I have two batches of wav files from different sources copied into the same folder. I also have a metadata.csv listing all of the files from the two batches in the same folder. However, when I run load_dataset on this folder it somehow mysteriously produces a Dataset with files from the first batch only. How does it know where the files came from?
I tried cleanup_cache_files, tried to delete cache altogether, but to no avail.
If the folder holds only the files from one of the batches (either first or second) and metadata listing files from this batch, I get the correct dataset. But with both batches, I get only the first one.
The metadata.csv file is always prepared the same way and has two columns: file_name and transcription.
But I only used the IndicTTS_Phase2_Assamese_fem_Speaker1_english and IndicTTS_Phase2_Assamese_male_Speaker1_english parts.

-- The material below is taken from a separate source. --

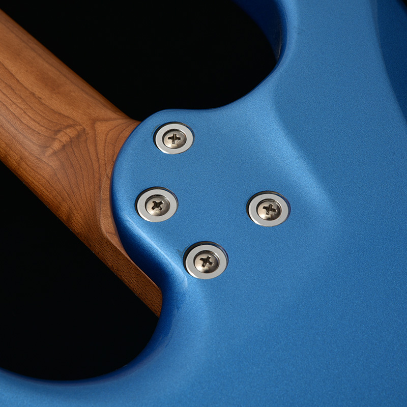 エントリークラスのモデルには珍しいヒールレスカットを採用することで、ハイフレットの演奏時もスムーズなフィンガリングを可能に。ブッシュボルト部分に施されたコンター加工がプレイアビリティを高めます。
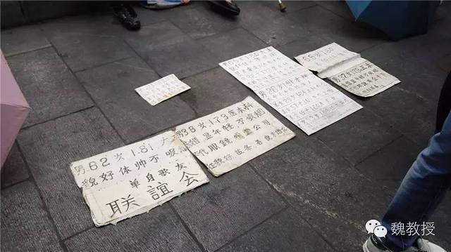 很多老人坐成一排,地上放着子女的条件征婚。

The file names are based on different patterns: ASF001-EN-ST…wav for the female part and train_assamesemale_…wav for the male part.
If both parts are in the same folder, the load_dataset function picks only the male files. even though metadata.csv includes all.
If the folder holds only male or only female files (and the correct metadata), than it works correctly.
So I wonder whether there is a file naming requirement. Some kind of pattern?
P.S. By the way, the function worked fine with the Tamil female and male part where files are named train_tamilfemale_…wav and train_tamilmale_…wav respectively.
The viewer infers the spltis (train/test/valid) based on the file names. In your case the viewer is showing the “train” split which only covers the files containing train in their names.
You can specify data_files="**/*.wav" in load_dataset()to fix this.
If the dataset is also on the HF Hub you can also set it as the default in the README.md header using
Maybe, this information on file naming patterns should be available someplace (maybe it is but I did not see it) but I do not know who I should write to.